* _What you will do_: Find "I like the Megazord" and "This hanger is" in the records below. Copy the lines holding them and every line between, exactly, and no others.

Recorded data
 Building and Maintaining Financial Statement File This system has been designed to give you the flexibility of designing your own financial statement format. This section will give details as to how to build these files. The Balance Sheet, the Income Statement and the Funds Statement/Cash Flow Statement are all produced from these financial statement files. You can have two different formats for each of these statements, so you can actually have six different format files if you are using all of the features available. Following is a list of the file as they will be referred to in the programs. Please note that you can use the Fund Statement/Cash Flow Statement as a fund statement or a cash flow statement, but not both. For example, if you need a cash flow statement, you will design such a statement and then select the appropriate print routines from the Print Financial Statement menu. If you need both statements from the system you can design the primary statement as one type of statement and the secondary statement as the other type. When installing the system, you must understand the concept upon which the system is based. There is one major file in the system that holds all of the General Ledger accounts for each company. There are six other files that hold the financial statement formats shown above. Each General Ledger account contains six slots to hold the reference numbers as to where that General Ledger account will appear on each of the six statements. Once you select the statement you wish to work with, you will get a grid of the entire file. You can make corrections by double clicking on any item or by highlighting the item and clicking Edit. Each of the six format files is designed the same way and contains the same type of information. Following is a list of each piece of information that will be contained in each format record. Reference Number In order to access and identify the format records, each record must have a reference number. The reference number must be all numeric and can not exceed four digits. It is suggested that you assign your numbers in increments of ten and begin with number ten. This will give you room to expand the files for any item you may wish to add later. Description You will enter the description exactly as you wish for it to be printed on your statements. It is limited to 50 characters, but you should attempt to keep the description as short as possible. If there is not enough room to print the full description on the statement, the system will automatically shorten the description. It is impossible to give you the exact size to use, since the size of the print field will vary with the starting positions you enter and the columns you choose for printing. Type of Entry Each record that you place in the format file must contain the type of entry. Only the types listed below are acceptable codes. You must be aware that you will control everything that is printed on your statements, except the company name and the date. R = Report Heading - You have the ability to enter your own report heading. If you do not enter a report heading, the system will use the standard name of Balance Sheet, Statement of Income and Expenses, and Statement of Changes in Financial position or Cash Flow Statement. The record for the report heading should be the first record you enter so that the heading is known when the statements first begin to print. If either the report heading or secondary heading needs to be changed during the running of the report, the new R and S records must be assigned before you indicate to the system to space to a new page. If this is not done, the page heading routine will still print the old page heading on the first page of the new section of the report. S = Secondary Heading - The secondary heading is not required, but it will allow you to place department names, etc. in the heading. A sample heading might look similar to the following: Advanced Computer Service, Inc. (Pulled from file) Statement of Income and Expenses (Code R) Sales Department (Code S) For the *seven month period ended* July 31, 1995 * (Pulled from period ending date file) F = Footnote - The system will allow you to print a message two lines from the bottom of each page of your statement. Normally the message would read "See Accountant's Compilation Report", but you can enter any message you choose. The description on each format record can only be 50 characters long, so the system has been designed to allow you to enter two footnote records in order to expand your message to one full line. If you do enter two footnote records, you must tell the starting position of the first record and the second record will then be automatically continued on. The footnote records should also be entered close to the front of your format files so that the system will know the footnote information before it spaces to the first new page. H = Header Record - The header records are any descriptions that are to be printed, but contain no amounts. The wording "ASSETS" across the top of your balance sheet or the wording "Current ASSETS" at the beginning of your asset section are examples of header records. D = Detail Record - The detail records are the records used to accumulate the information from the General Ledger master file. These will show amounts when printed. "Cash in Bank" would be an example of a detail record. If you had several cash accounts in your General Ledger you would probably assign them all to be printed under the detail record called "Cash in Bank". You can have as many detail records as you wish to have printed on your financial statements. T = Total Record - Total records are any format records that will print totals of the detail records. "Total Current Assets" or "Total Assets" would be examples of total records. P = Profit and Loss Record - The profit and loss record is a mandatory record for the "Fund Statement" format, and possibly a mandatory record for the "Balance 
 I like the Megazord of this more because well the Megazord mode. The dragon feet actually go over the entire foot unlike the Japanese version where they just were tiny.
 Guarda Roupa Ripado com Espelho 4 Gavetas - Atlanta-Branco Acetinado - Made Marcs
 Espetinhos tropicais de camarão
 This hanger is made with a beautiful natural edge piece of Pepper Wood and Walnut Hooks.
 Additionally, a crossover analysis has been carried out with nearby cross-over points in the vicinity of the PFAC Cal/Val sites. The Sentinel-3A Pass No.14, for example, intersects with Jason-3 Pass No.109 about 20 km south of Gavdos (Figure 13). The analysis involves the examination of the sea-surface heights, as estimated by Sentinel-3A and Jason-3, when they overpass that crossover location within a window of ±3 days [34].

* _Solution for this problem_:
 I like the Megazord of this more because well the Megazord mode. The dragon feet actually go over the entire foot unlike the Japanese version where they just were tiny.
 Guarda Roupa Ripado com Espelho 4 Gavetas - Atlanta-Branco Acetinado - Made Marcs
 Espetinhos tropicais de camarão
 This hanger is made with a beautiful natural edge piece of Pepper Wood and Walnut Hooks.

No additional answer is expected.